[Christopher Columbus by Filson Young]@TWC D-Link book
Christopher Columbus

CHAPTER XIV
12/13

So that there is a profound symbolism in those raying beams that now, night after night, month by month, and year after year, shine out across the sea from Watling's Island in the direction of the Old World.
In the preparations for this voyage, and in the conduct and accomplishment of it, the personality of the man Columbus stands clearly revealed.

He was seen at his best, as all men are who have a chance of doing the thing for which they are best fitted.

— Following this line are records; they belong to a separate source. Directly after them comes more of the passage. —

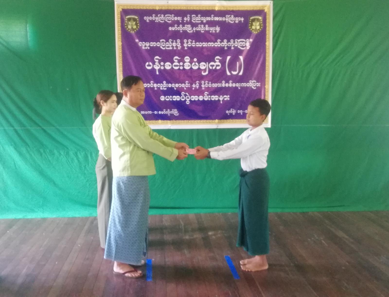 စစ်ကိုင်းတိုင်းဒေသကြီး၊ မော်လိုက်ခရိုင်၊ မော်လိုက်မြို့၌ ပန်းခင်းစီမံချက်(၂) အိမ်ထောင်စု လူဦးရေစာရင်းနှင့် နိုင်ငံသားစိစစ်ရေးကတ်ပြား ပေးအပ်ပွဲအခမ်းအနားကို ယမန်နေ့ မွန်းလွဲ (၁)နာရီအချိန်က အမက(၁)ကျောင်း၌ ကျင်းပပြုလုပ်သည်။
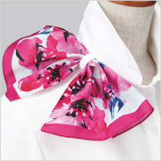 襟元に、スカーフのズレを防ぐループが付いています。ワンタッチで形が決まります。
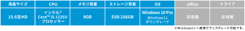 注:Windows11へ無償でアップグレード可能です。CPU インテル® Core™ i5-1235U プロセッサー ディスプレイ 15.6型HD メモリ 8GB(8GB×1) 容量 SSD 256GB 無線LAN Wi-Fi 6 有線LAN 有 WEBカメラ 有 リカバリディスク なし ディスプレイ出力 HDMI USBポート数 Type-A×3、Type-C×1 本体サイズ 359.4×233.9×19.9mm 重量 約1,790g 駆動時間 約9.8時間 同梱物 HP 45WスマートACアダプター、電源コード、保証書等
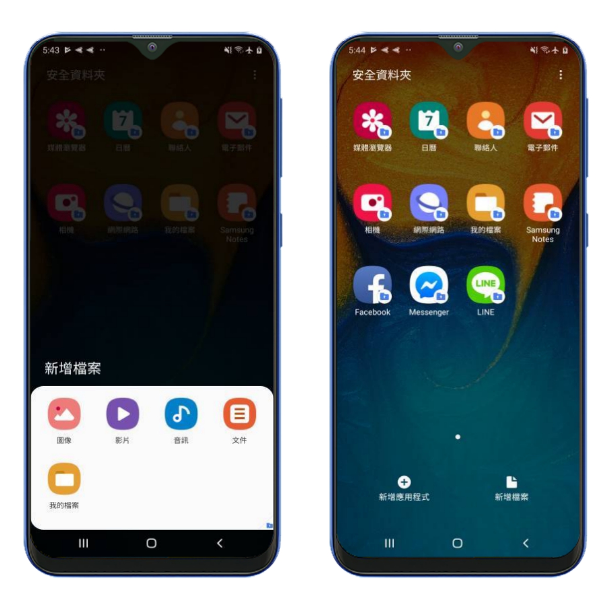 安全資料夾你可以將檔案放置進來,也可以將 APP 放置進來,以社群類 APP 來說,放置進來後,就會變成獨立的 APP,所以你可以利用安全資料夾登入第二個帳號來使用,大致上全部的 APP 都可以。
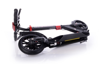 На самокат установлены износостойкие колеса диаметром 200 мм и шириной 35 мм, чего достаточно, чтобы обеспечить хороший накат и сцепление. Чтобы остановить транспортное средство, в нем используется механический дисковый тормоз, и дополнительный тормоз-брызговик. Механический тормоз ремонтопригоден и его легко отремонтировать во время повреждений в полевых условиях, имея минимальный портативный набор инструментов. Также в передней части тормозной трос защищен, так как проведет внутри рулевой конструкции. Для устойчивости и хорошего контакта подошвы с декой, на ней имеется зернистое, противоскользящее покрытие.
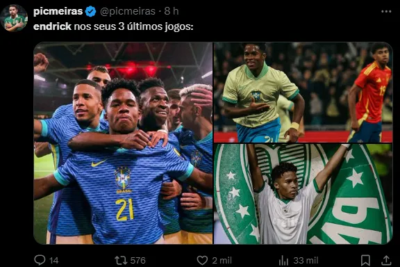 Três gols em cinco dias. Endrick marcou contra Inglaterra, Espanha e agora Novorizontino, com foto que está rodando o mundo da bola por conta da comemoração.
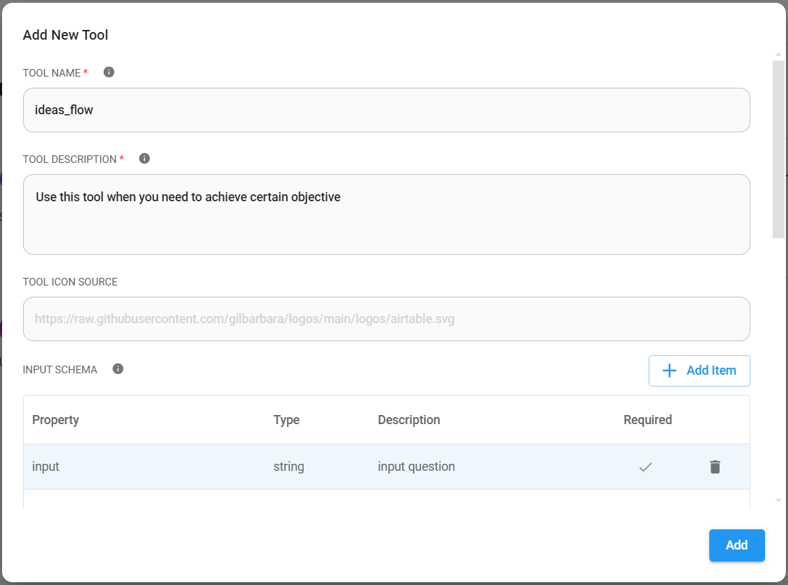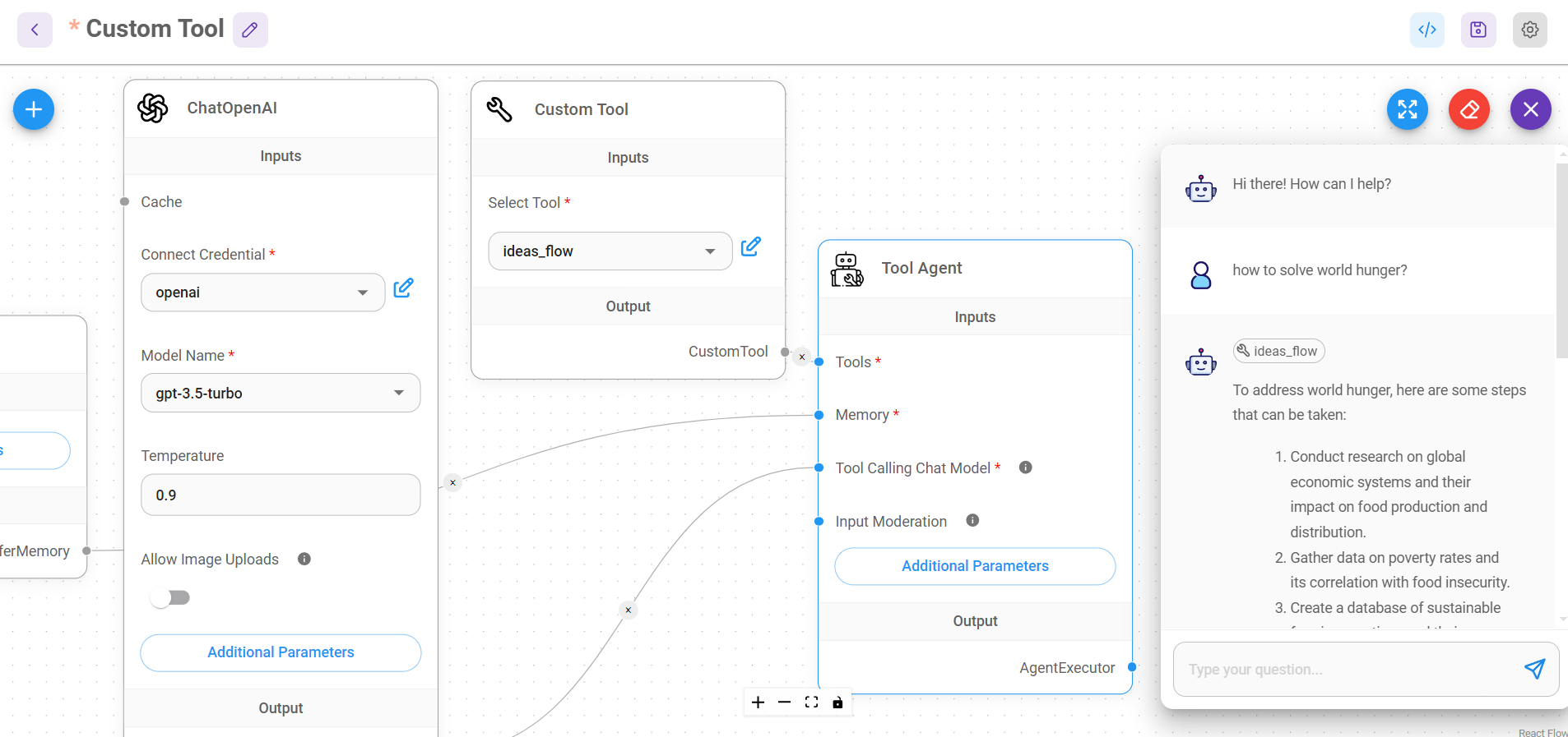- Create a Tool Agent + Custom Tool. Specify the tool we've created in Step 1 in the Custom Tool.

The singleness of aim that can accomplish so much is made manifest in his dogged search for means with which to make his voyage; and his Italian quality of unscrupulousness in the means employed to attain a good end was exercised to the full.

The, practical seaman in him carried him through the easiest part of his task, which was the actual sailing of his ships from Palos to Guanahani; Martin Alonso Pinzon could have done as much as that.
But no Martin Alonso Pinzon or any other man of that time known to history had the necessary combination of defective and effective qualities that made Columbus, once he had conceived his glorious hazy idea, spend the best years of his life, first in acquiring the position that would make him listened to by people powerful enough to help him, and then in besieging them in the face of every rebuff and discouragement.

Another man, proposing to venture across the unknown ocean to unknown lands, would have required a fleet for his conveyance, and an army for his protection; but Columbus asked for what he thought he had some chance of getting, and for the barest equipment that would carry him across the water.